Namun wasit dilatih untuk tetap berada di puncak situasi sulit. Tumpane mengulurkan tangan ke pagar, meraih wanita itu dengan kedua tangannya dan berkata, “Saya peduli. Saya peduli.”

Wanita itu menjerit dan berjuang untuk melepaskan kedua kakinya dari jembatan, memaksa Tumpane menanggung seluruh beban tubuhnya hingga seorang pejalan kaki membantunya. Saat itu seorang petugas polisi datang dan memborgol wanita itu ke jembatan agar dia tidak terjatuh. Kerumunan orang berkumpul, seperti yang dilakukan orang banyak ketika seseorang akan meninggal.

“Saya berkata, ‘Lihatlah orang-orang yang ingin membantu Anda. Kami semua di sini untuk alasan yang benar,'” kata Tumpane kepada Pittsburgh Post-Gazette. Kami ingin membuatmu lebih baik.”

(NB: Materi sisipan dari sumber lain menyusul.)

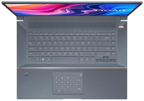 ДизайнНоутбук заключен в корпус серого цвета с вставками «розовое золото» (логотипы компании, кнопка включения, тонкая отделка на верхней панели). Конструкция выполнена из магниево-алюминиевого сплава, крышка — алюминиевая. Поверхности матовые, довольно устойчивые к отпечаткам пальцев, да и пыль на них мало заметна. В центре крышки — небольшой белый логотип бренда, еще один, с указанием серии, находится под экраном. Шарнирный механизм, удерживающий верхнюю и нижнюю части корпуса, представлен двумя небольшими петлями. Они жесткие, потому крепко удерживают крышку, однако и открыть ее получится только двумя руками. Максимальный угол раскрытия дисплея составляет 180 градусов. ![]() Экран NanoEdge получил тонкие рамки, за исключением нижней — она заметно шире. Клавиатура без нампада, выглядит удобной. Рабочая зона отделена от клавиатурного блока ребристой отделкой. С одной стороны, это стильно, с другой — непрактично: текстурированная поверхность быстро собирает мелкие соринки. Интерфейсы разнесены по боковым граням корпуса. ![]() ASUS ProArt StudioBook Pro 17 соответствует стандартам долговечности и надежности MIL-STD-810G. Надо сказать, устройство действительно получилось крепким, разве что совсем немного прогибается крышка, если на нее сильно надавить, но на дисплее это никак не сказывается. Чтобы обновить начинку лэптопа, придется снять несколько винтов, удерживающих нижнюю панель. Процессор и видеокарта распаяны на материнской плате, а вот ОЗУ и накопитель можно обновить. Размеры устройства составляют 382х286х18 мм, вес — 2.4 кг. Дисплей, звук и веб-камераМатовый 17-дюймовый экран ноутбука получил разрешение 1920х1200 пикселей, частоту 60 Гц и соотношение сторон 16:10. Максимальная яркость — 300 кд/м2, коэффициент контрастности тоже невысок — 600:1. В целом, такие показатели подходят для работы в помещении, однако на улице или возле окна читабельность дисплея значительно ниже. ![]() Экран противостоит солнечным бликам, но вместе с тем, матовая панель делает цвета менее яркими, чем они есть на самом деле. Покрытие цветового пространства sRGB отличное — 100%, AdobeRGB и NTSC чуть ниже — 85% и 83%. Матрица IPS способствует отличным углам обзора, речь идет о стабильных 178 градусах, независимо от ракурса. ![]() Динамики с поддержкой ASUS SonicMaster Premium расположены на передней грани корпуса. Звучание хорошее: на средней и максимальной громкости не хрипит, однако ощущается нехватка низких частот. Кроме того, при громкости 50% и выше, начинает вибрировать подладонная зона. На верхней рамке экрана находится веб-камера 720p, окруженная микрофонами. Это стандартная камера, которая встречается во многих современных лэптопах. Она подходит для видеозвонков, однако передает нечеткую и зернистую картинку. Клавиатура и тачпадКлавиатура островного типа заметно утоплена в поверхность и лишена цифрового блока. Кнопки не очень большие, квадратные, с неплотной компоновкой. Ход клавиш — короткий, отдача вполне ощутимая, во время печати они срабатывают тихо. Кнопки управления большие, благодаря чему по ним легко попадать. С правой стороны есть вертикальный ряд функциональных клавиш; чуть ниже — стрелочный блок, с узкими, оттого для многих неудобными, кнопками. Есть подсветка, с тремя уровнями яркости на выбор. Над клавиатурой находится продолговатая клавиша включения, которая подсвечивается все время, пока ноу

Bertentangan dengan keinginannya, wanita itu akhirnya diangkat kembali ke pagar dan ditahan. Seorang fotografer Post-Gazette, Stephanie Chambers, 26, datang ke tempat kejadian dan bertanya kepada Tumpane, “Apakah Anda bekerja di sekitar sini?” “Semacam itu,” jawab sang pahlawan.

Tumpane 2

Wasit Liga Utama John Tumpane berbicara tentang seorang wanita yang melompati pagar Jembatan Roberto Clemente di atas Sungai Allegheny pada Rabu, 28 Juni 2017, di Pittsburgh. Wanita itu mengatakan kepada Tumpane bahwa dia hanya ingin melihat pemandangan Sungai Allegheny di bawahnya dengan lebih baik. Ekspresi wajahnya dan nada suaranya menunjukkan hal sebaliknya bagi Tumpane. Tumpane mengikat salah satu lengannya; kemudian seorang pengamat memegang lengannya yang lain, dan orang lain memegang kakinya dan menahannya di pagar. Tumpane, Weinman dan relawan ketiga berpegangan pada wanita tak dikenal itu sampai petugas darurat tiba. (Foto AP/Gene J. Puskar) (AP)

“Di mana kamu bekerja?” Chambers tetap bertahan. “Aku bekerja di PNC malam ini,” jawabnya malu-malu.

Bagi Chambers, yang baru mulai bekerja di surat kabar tersebut pada bulan April, pemandangan tersebut terasa ambigu. “Saya sedang berjalan di sepanjang sungai dan menerima pesan dari editor saya yang berbunyi, ‘Kami tidak punya apa-apa untuk koran hari ini. Kami butuh sesuatu yang menarik.’ Dia memenuhi tugas itu dan beberapa tugas lainnya.

“Setelah itu dia sangat kesal,” kata Chambers. “Saya meraih tangannya dan mengucapkan terima kasih. Dia tampak seperti akan menangis.”

Tapi, seperti yang diketahui semua orang, tidak ada tangisan dalam bisbol.